Table 2 demonstrates that incorporating clinical indications and patient demographics significantly improves upon state-of-the-art single-modality methods. Specifically, our model achieves an AUROC of $81.51$ ( $+ Δ 3.23 %$ over CT-Net) and the highest accuracy of $79.48$ . However, in an imbalanced multilabel setting, accuracy is primarily driven by correct predictions on abundant classes (especially the normal class) and therefore tends to overestimate overall performance. This also explains why precision ( $43.93$ ) and recall ( $65.37$ ) are lower despite high accuracy: even a small number of false positives can markedly reduce precision for rare classes. For this reason, we emphasize the F1 score as a more informative indicator of abnormality detection. Specifically, we achieved an average F1 score of $51.58$ [improvements of $+ Δ 6.13 %$ and $+ Δ 16.22 %$ over CT-Net [9] and CT-ViT [10], respectively]. CT-Net with demographics and clinical indications outperforms baseline CT-Net and CT-ViT (paired $t$ -test, $p < 0.01$ ) for all metrics, indicating that incorporating clinical and demographic information enhances classification performance.

Table 2

Table 2. Quantitative evaluation of the multilabel classification task on the test set.

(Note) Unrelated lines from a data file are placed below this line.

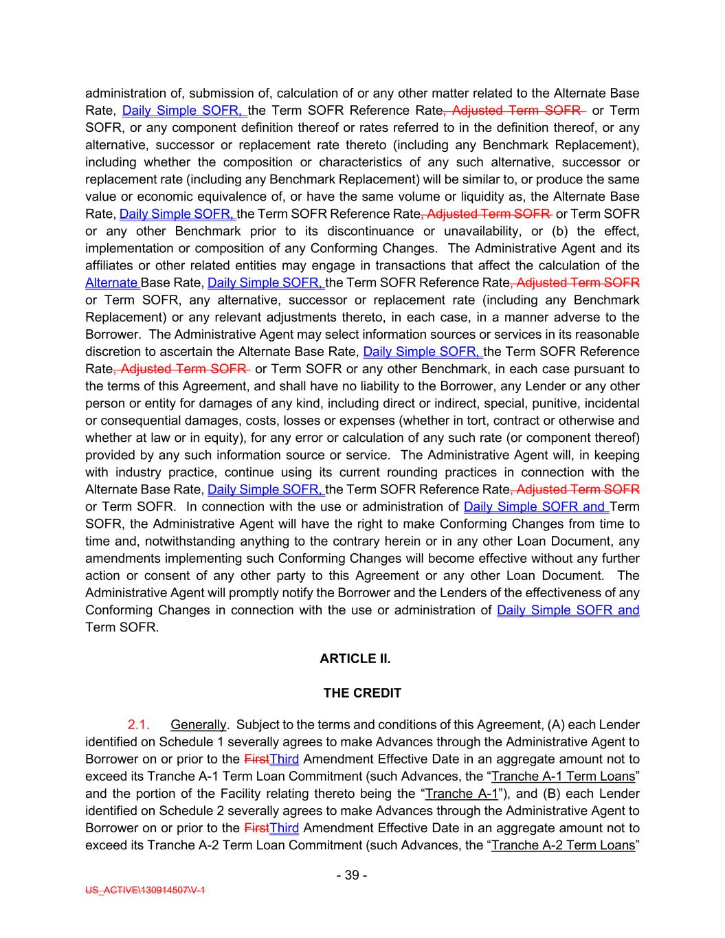 - 39 - US_ACTIVE\130914507\V-1 administration of, submission of, calculation of or any other matter related to the Alternate Base Rate, Daily Simple SOFR, the Term SOFR Reference Rate, Adjusted Term SOFR or Term SOFR, or any component definition thereof or rates referred to in the definition thereof, or any alternative, successor or replacement rate thereto (including any Benchmark Replacement), including whether the composition or characteristics of any such alternative, successor or replacement rate (including any Benchmark Replacement) will be similar to, or produce the same value or economic equivalence of, or have the same volume or liquidity as, the Alternate Base Rate, Daily Simple SOFR, the Term SOFR Reference Rate, Adjusted Term SOFR or Term SOFR or any other Benchmark prior to its discontinuance or unavailability, or (b) the effect, implementation or composition of any Conforming Changes. The Administrative Agent and its affiliates or other related entities may engage in transactions that affect the calculation of the Alternate Base Rate, Daily Simple SOFR, the Term SOFR Reference Rate, Adjusted Term SOFR or Term SOFR, any alternative, successor or replacement rate (including any Benchmark Replacement) or any relevant adjustments thereto, in each case, in a manner adverse to the Borrower. The Administrative Agent may select information sources or services in its reasonable discretion to ascertain the Alternate Base Rate, Daily Simple SOFR, the Term SOFR Reference Rate, Adjusted Term SOFR or Term SOFR or any other Benchmark, in each case pursuant to the terms of this Agreement, and shall have no liability to the Borrower, any Lender or any other person or entity for damages of any kind, including direct or indirect, special, punitive, incidental or consequential damages, costs, losses or expenses (whether in tort, contract or otherwise and whether at law or in equity), for any error or calculation of any such rate (or component thereof) provided by any such information source or service. The Administrative Agent will, in keeping with industry practice, continue using its current rounding practices in connection with the Alternate Base Rate, Daily Simple SOFR, the Term SOFR Reference Rate, Adjusted Term SOFR or Term SOFR. In connection with the use or administration of Daily Simple SOFR and Term SOFR, the Administrative Agent will have the right to make Conforming Changes from time to time and, notwithstanding anything to the contrary herein or in any other Loan Document, any amendments implementing such Conforming Changes will become effective without any further action or consent of any other party to this Agreement or any other Loan Document. The Administrative Agent will promptly notify the Borrower and the Lenders of the effectiveness of any Conforming Changes in connection with the use or administration of Daily Simple SOFR and Term SOFR. ARTICLE II. THE CREDIT Generally. Subject to the terms and conditions of this Agreement, (A) each Lender identified on Schedule 1 severally agrees to make Advances through the Administrative Agent to Borrower on or prior to the FirstThird Amendment Effective Date in an aggregate amount not to exceed its Tranche A-1 Term Loan Commitment (such Advances, the “Tranche A-1 Term Loans” and the portion of the Facility relating thereto being the “Tranche A-1”), and (B) each Lender identified on Schedule 2 severally agrees to make Advances through the Administrative Agent to Borrower on or prior to the FirstThird Amendment Effective Date in an aggregate amount not to exceed its Tranche A-2 Term Loan Commitment (such Advances, the “Tranche A-2 Term Loans”
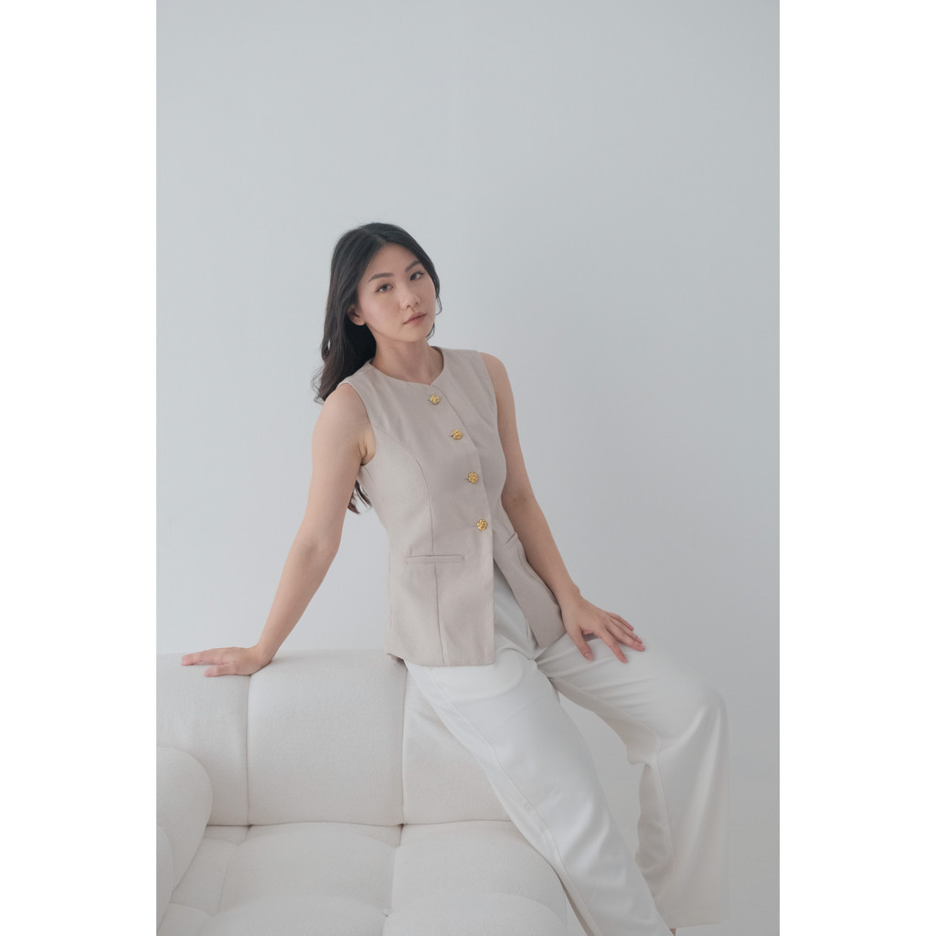 HAZEL STEPHANIE TWEED VEST | VEST WANITA KOREA | ROMPI WANITA | ATASAN WANITA
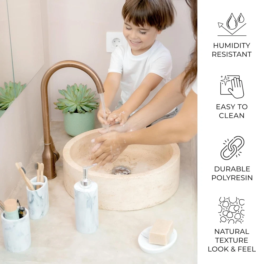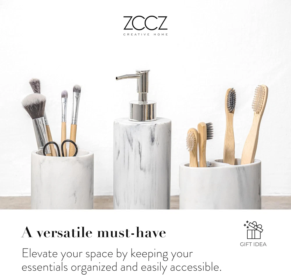 Bathroom Accessories Set 4 Piece: With 1 x soap dispenser, 1 x tooth brush holder, 1 x bathroom tumbler cup and 1 x soap dish; allow you to organize a lot of your bathroom stuff with easy and keep your bathroom clean, tidy and orderly Well Designed Bathroom Set: Classy Marble look, all of the items compliment each other. Our bathroom decor set matches your bathroom in a perfect manner Premium Material: The bathroom vanity countertop accessories set is made of nice resin material, not the brittle type of plastic or ceramics. It has that heaviness and not heavy weight marble. Pretty sturdy, the bathroom sink set won't break easily Great Gift Idea: The bathroom set accessories were well-packed to ensure that they arrived safely without damage. Perfect gift for your families, friends, lover, colleagues, housewarming or a wedding 100% Satisfaction Guarantee: Include 1 x Bathroom Accessories Set (4 piece set), 45-day money back guarantee, worry-free 18-month warranty, and friendly customer service. zccz modern bathroom accessories set, 4-piece marble pattern bath vanity accessories set with soap dispenser, toothbrush holder, tumbler and soap dish Features Nice design, classy marble look, the bathroom decorations accessories bring bright and elegant tough to your whole bathroom. Well crafted, the bathroom essential tie the colors and design together perfectly, go well with bath decor. Quality resin material, heavy and nice, the marble bathroom set doesn't break easily . A good idea to give the bathroom sets complete to your families, friends or colleagues as a gift. After Sales Your satisfaction is our goal of service. Any Problems, please do not hesitate to contact us. STEP: Your account > Your order > Purchased Items > Seller: ZCCZ > Ask a question.
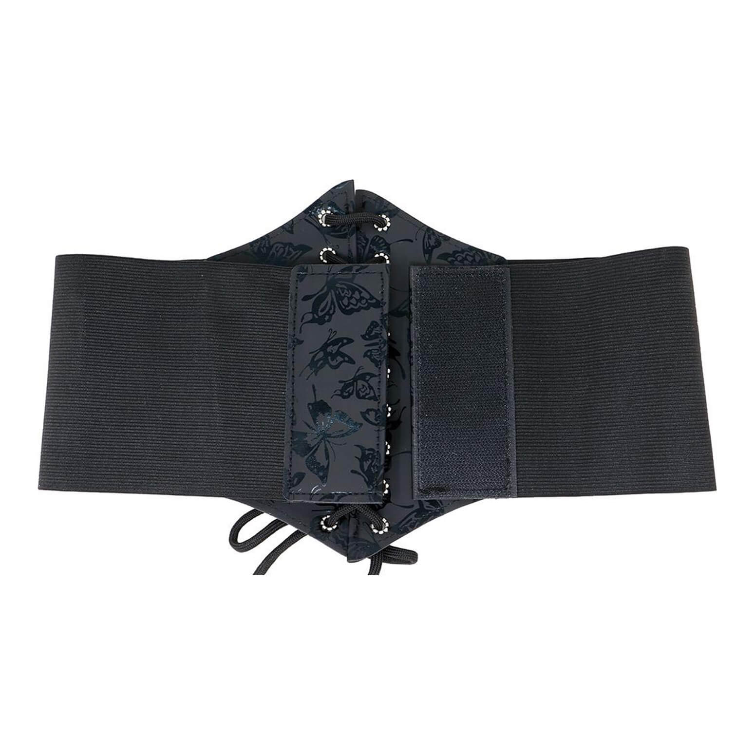 Korsage Korsett Stretch in Brokatoptik mit Schmetterlingen einfarbig schwarz
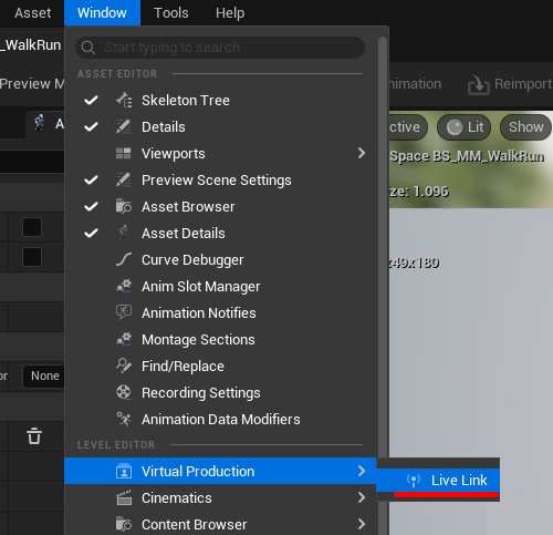 4. Select Virtual Production → Live Link from the Window menu:
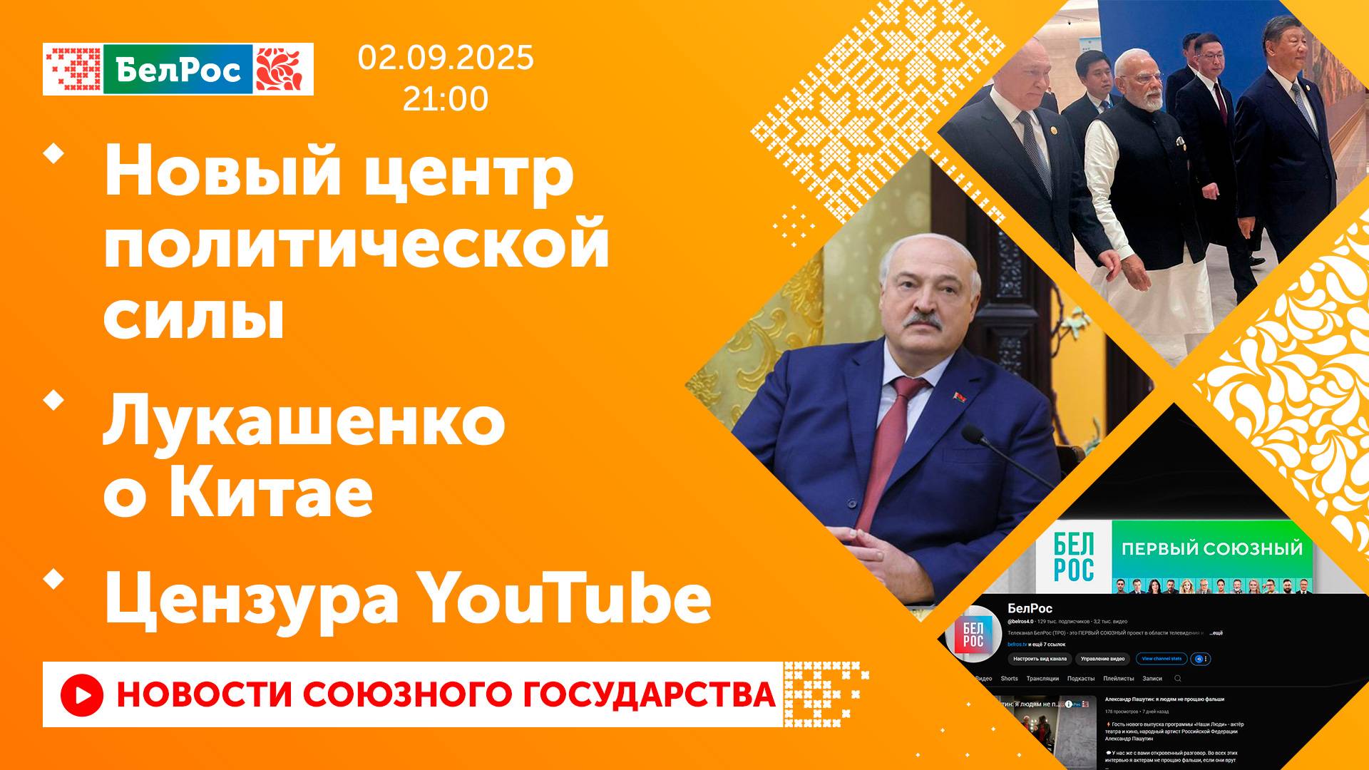 Закадровый текст озвучивает *ИИ Антон* Новости 02.09.2025 на 21:00 - Владимир Путин и Александр Лукашенко провели встречу в рамках визита в Китай. - СМИ: саммит ШОС показал единство лидеров России, Китая и Индии. - Александр Лукашенко: Минску и Пекину удалось выстроить основательный фундамент отношений. - Наш YouTube-канал "БелРос 4.0" - под угрозой блокировки. - Национальной ассоциации телерадиовещателей исполнилось 30 лет. Смотрите главные новости Союзного государства на телеканале БелРос. Ссылки на наши соц. сети Сайт: http://belros.tv/ Telegram: https://t.me/belrostv Одноклассники: https://ok.ru/group/55657426976918 ВКонтакте: https://vk.com/belrostv TikTok: https://www.tiktok.com/@belros_tv?_t=... RuTube: https://rutube.ru/channel/23501830/ Яндекс. Дзен: https://zen.yandex.ru/belrostvv Наши подкасты на Яндекс. Музыке: https://music.yandex.ru/album/25615251 #главныеновости #новостисегодня #СоюзноеГосударство
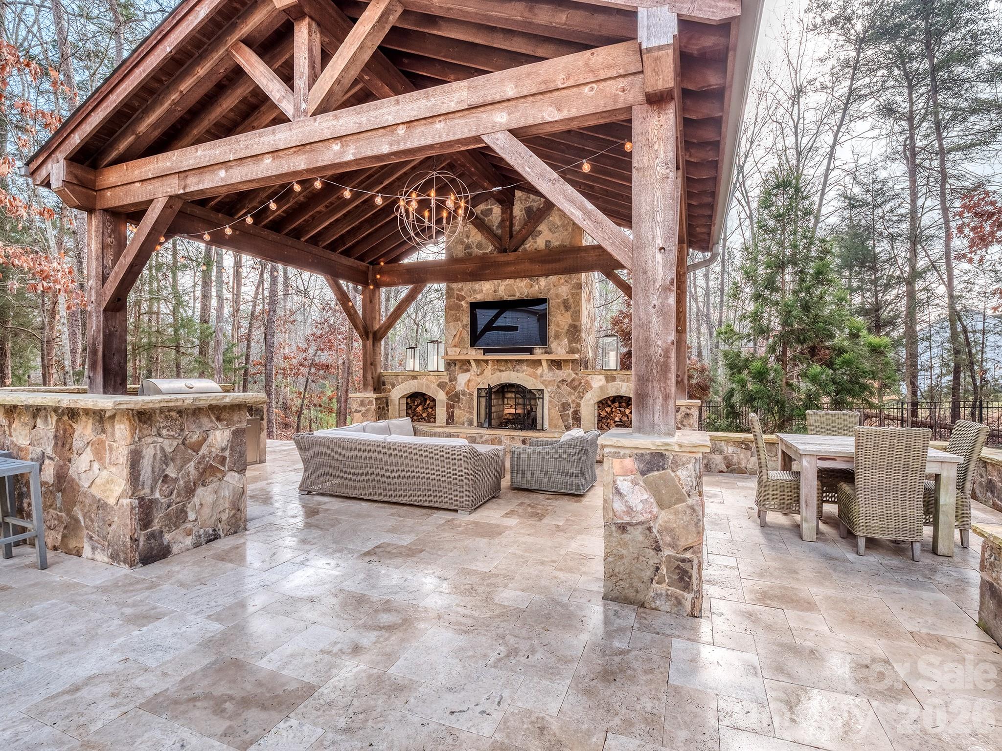 Step outside to an entertainer’s dream. The expansive cabana and outdoor living area is anchored by a wood-burning outdoor fireplace and heated salt water pool and jacuzzi, perfect for year-round gatherings. An additional exterior gas fireplace with in-line gas elevates the space even further, creating multiple inviting areas to entertain outdoors.
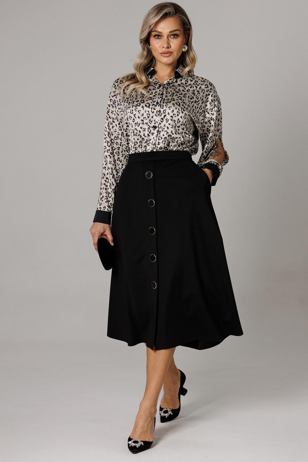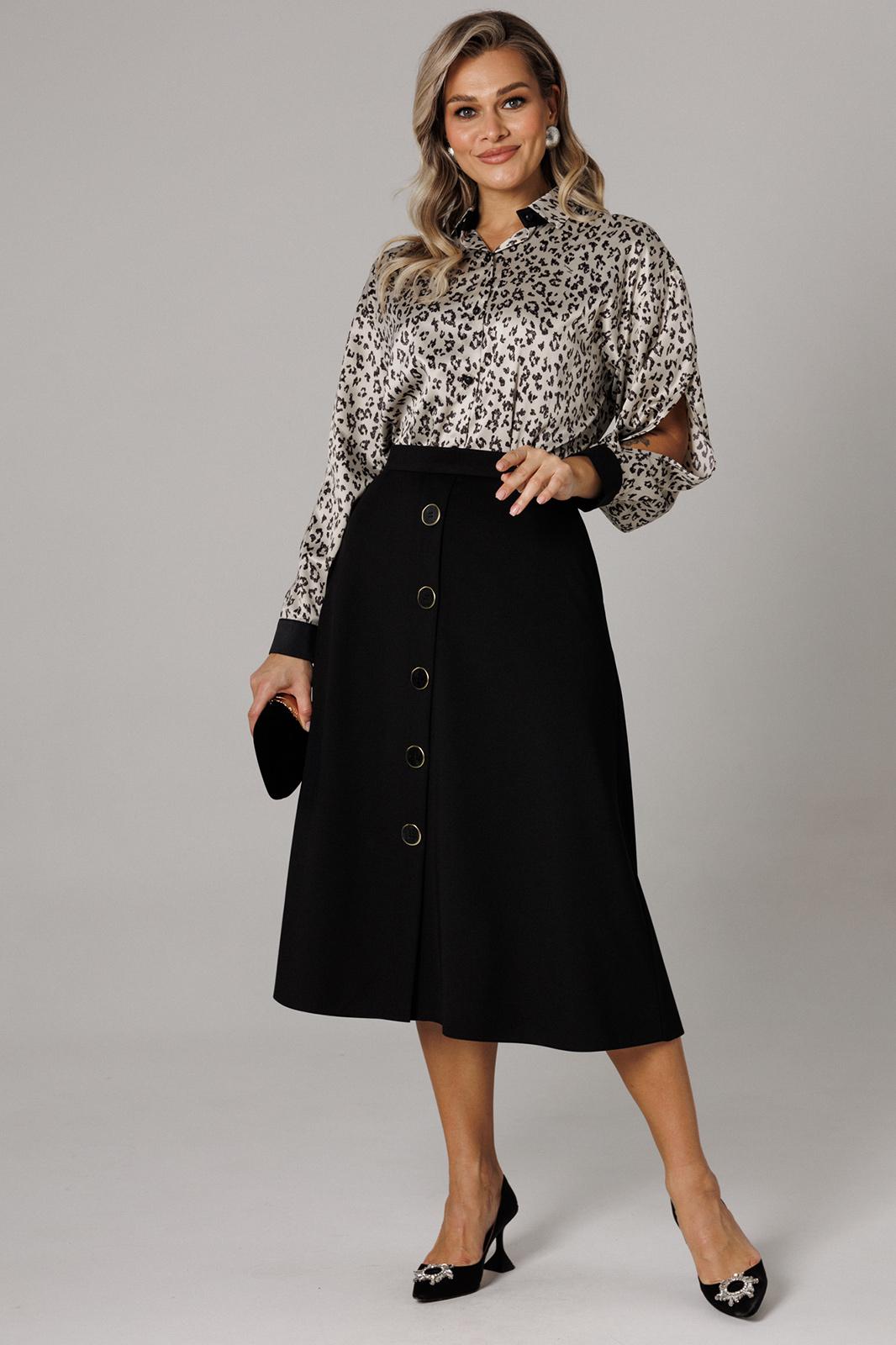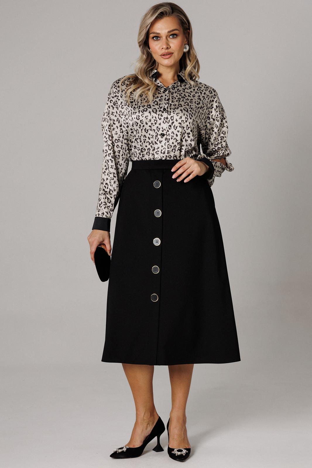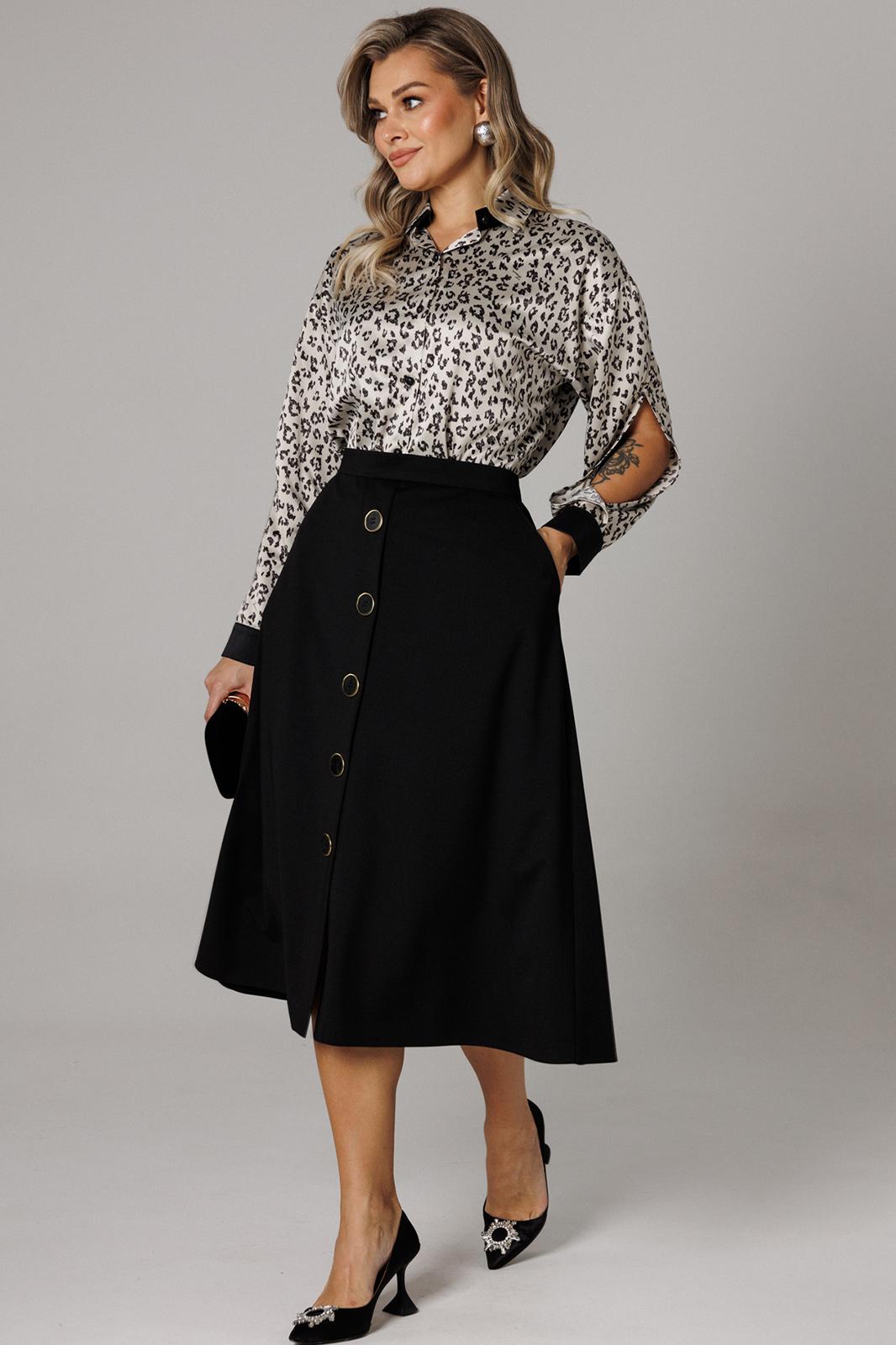 Оригинальный комплект женский 2-х пердментый (блузка, юбка) от бренда Anastasia, идеальный для любого случая. Этот комплект сочетает в себе элегантность и комфорт, что делает его подходящим как для повседновной носки, так и для праздничных мероприятий. Блузка из атласной ткани прямого силуэта со спущенным плечом. По бокам закругленные разрезы. Рукав с запахом и разрезом, на манжете. Застежка – планка на петли и пуговицы. Воротник на отрезной стойке. Стойка и манжета из отделочной ткани. По спинке идет отрезная кокетка. Такой женский офисный стиль можно носить, сочетая с другими вещами гардероба, создавая новые образы. Ткань атласная качественная и очень комфортная. Юбка А-силуэта, длинна миди. По передней части идет застежка-обманка с пуговицами. По бокам карманы. По спинке средний шов, переходящий в застежку молнию. Пояс отрезной . Длина по спинке: (48-52)-70 см, (54-58)-72 см. Длина рукава с манжетой: (48-52)-55 см, (54-58)-57 см. Длина юбки: (48-58)-80 см

Figure 4 details the impact on F1 score for each abnormality when integrating patient demographics and clinical indications, demonstrating that this additional contextual information improves performance for 16 out of 18 anomalies. The largest gains, observed for interlobular septal thickening, consolidation, mosaic attenuation, and lung opacity, suggest that these findings are particularly context-dependent and strongly correlated with clinical factors. While most anomalies benefit from the auxiliary information, a minority, such as bronchiectasis, shows slight performance decreases, possibly because the added inputs may introduce noise for anomalies that already possess distinctive visual signatures. A promising future direction is to develop adaptive integration strategies that selectively incorporate contextual information when it is beneficial.

Figure 4

Bar chart illustrating changes in F1-Scores for various medical conditions. Red bars indicate a decrease, while blue bars show an increase. Lung opacity has the highest increase, while bronchiectasis shows a decrease.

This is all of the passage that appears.